Each line in the material below, starting at the one with "命令:docker run -it" and ending at the one with "MINIMの最先端技術は、素", is to be reproduced exactly; no picture is to be copied.

***

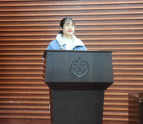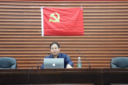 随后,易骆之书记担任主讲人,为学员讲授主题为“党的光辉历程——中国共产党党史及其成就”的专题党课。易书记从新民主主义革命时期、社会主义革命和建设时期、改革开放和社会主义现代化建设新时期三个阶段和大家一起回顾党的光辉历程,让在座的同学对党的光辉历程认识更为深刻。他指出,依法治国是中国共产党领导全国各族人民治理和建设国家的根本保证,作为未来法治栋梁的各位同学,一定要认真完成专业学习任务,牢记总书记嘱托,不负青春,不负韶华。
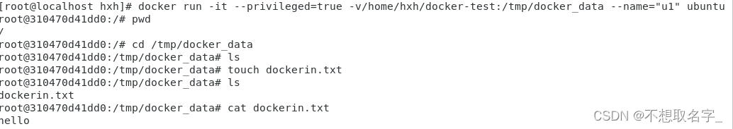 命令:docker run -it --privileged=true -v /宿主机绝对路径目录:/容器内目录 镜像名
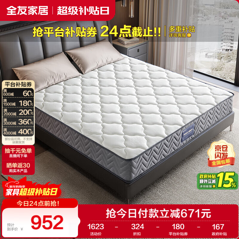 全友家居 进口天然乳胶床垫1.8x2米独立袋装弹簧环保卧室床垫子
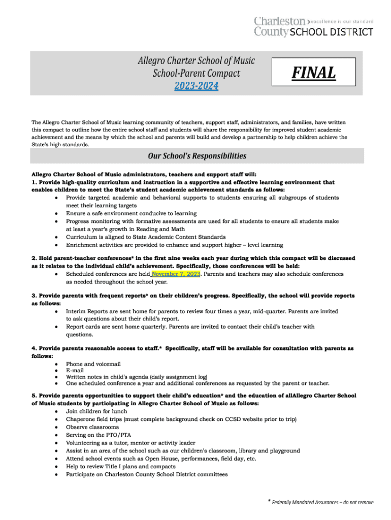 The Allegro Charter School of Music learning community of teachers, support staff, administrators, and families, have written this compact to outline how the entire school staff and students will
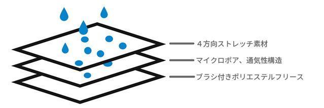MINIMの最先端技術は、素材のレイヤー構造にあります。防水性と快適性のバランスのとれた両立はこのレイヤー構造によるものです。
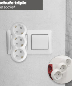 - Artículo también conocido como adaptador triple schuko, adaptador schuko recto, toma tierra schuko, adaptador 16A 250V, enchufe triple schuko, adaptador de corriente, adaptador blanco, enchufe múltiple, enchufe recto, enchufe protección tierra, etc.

***

WRITTEN RESPONSE:
 命令:docker run -it --privileged=true -v /宿主机绝对路径目录:/容器内目录 镜像名
 全友家居 进口天然乳胶床垫1.8x2米独立袋装弹簧环保卧室床垫子
 The Allegro Charter School of Music learning community of teachers, support staff, administrators, and families, have written this compact to outline how the entire school staff and students will
MINIMの最先端技術は、素材のレイヤー構造にあります。防水性と快適性のバランスのとれた両立はこのレイヤー構造によるものです。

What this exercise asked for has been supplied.